However, the centerless grinder of the above patent has certain disadvantages, for example, the feeding device of the centerless grinder sequentially performs feeding and discharging operations by a manipulator and a fixed hook, namely, the feeding mechanism of the centerless grinding machine can only carry out the grinding processing of the next cross shaft after the two shaft ends of one cross shaft are completely ground, in the moving process of the fixed hook and the reversing process of the cross shaft, the grinding processing station of the grinding machine is completely in an idle state, which seriously influences the production efficiency of the grinding processing of the cross shaft, and this centerless grinder's feed mechanism adopts the fixed hook to convey the cross axle, and the fixed hook is insecure to the fixed of cross axle, easily drops, especially when the fixed hook picks up the cross axle after conveying to the top of grinding processing station, if drop easily causes great incident.
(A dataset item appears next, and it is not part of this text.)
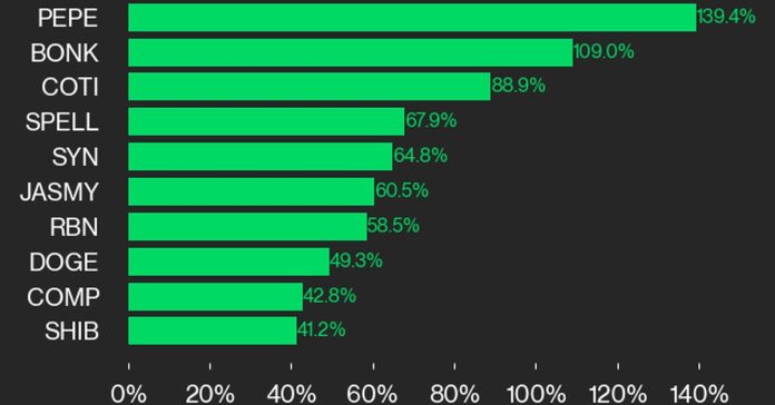 HomeCrypto NewsCoindeskMeme Coins DOGE and SHIB Led CoinDesk 20 Gainers Last Week: CoinDesk Indices ChartsMarch 1, 202400 CoindeskAll 20 of the CD20 assets were positive on the week, with fourteen posting returns greater than 10%. Source link TagsCoinDesk 20Previous articleFrom Low to High — Bitcoin Fees Jump Over 129% in 4 DaysNext articleftNFT International Awards 2024 Announces Winners at a Glamorous Ceremony in DubaiShareFacebookTwitterPinterestWhatsApp

If adopt the manipulator to replace the fixed hook and realize the conveying operation of cross through the cylinder drive, though can guarantee that the cross is in firm state, the requirement of this kind of cylinder driven mode to the position of changing to the platform and the position of abrasive machining station is higher, needs both to be in same level, just can make things convenient for the manipulator to realize snatching the accuracy of cross.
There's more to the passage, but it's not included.